In the backdrop of the aforesaid discussions, one may conclude as under :

  • Plain words of the statute in section 9(1)(vii) (b) of the Act cannot be read to state that ‘situs of service utilised’ shall be of paramount importance to determine the tax jurisdiction of fees from offshore services;

  • The principle of ‘source rule of taxation’ recognises the country where the income is earned as the basis for determining the tax jurisdiction of fees from offshore services;

  • ‘Situs of payer’ and ‘Situs of services utilised’ are of relevance for the purpose of falling under the exception of section 9(1)(vii)(b) and satisfying the additional condition of section 9(1)(vii)(c) of the Act;

  • Non-relevance of ‘situs of service rendered’, supports the argument that the concept of ‘income earned’ is interpreted in wider sense to determine tax jurisdiction of income from FTS u/s.9(1)(vii) of the Act;

  • India, neither follows pure ‘territorial tax system’ nor pure ‘worldwide tax system’, but follows ‘mixed tax system’; and

  • ‘Source of income’ is recognised under the Act as one of the basis of territorial nexus in determination of tax jurisdiction of income.

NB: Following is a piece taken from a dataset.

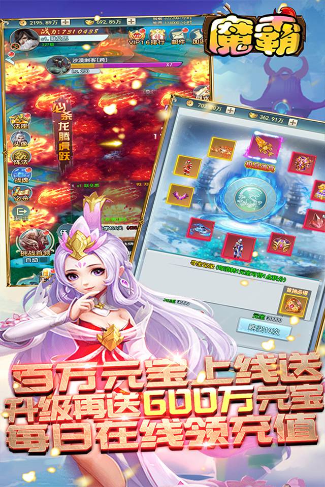 魔霸(GM无限送充值)是一款仙侠类风格的大型多人在线角色扮演类游戏。上线就送百万元宝、VIP13、888W金币。此外,游戏内还赠送了大量充值卡,可以激活GM商城,GM商城所有道具均一元宝购买。挑战boss最高可爆998元真充卡。

Therefore, in light of the aforesaid considerations, the general understanding of fees from offshore services being income deemed to accrue or arise in India and taxable under the domestic provisions of the Act, may require reconsideration.

Editor’s Note: Attention of the readers is invited to the recent decision of the Supreme Court of India (five member Bench) in the case of GVK Industries Ltd vs. ITO (2011-TII-03-SC-CB-INTL) in which the Court has opined on the issue of `territorial nexus’ for taxation in India.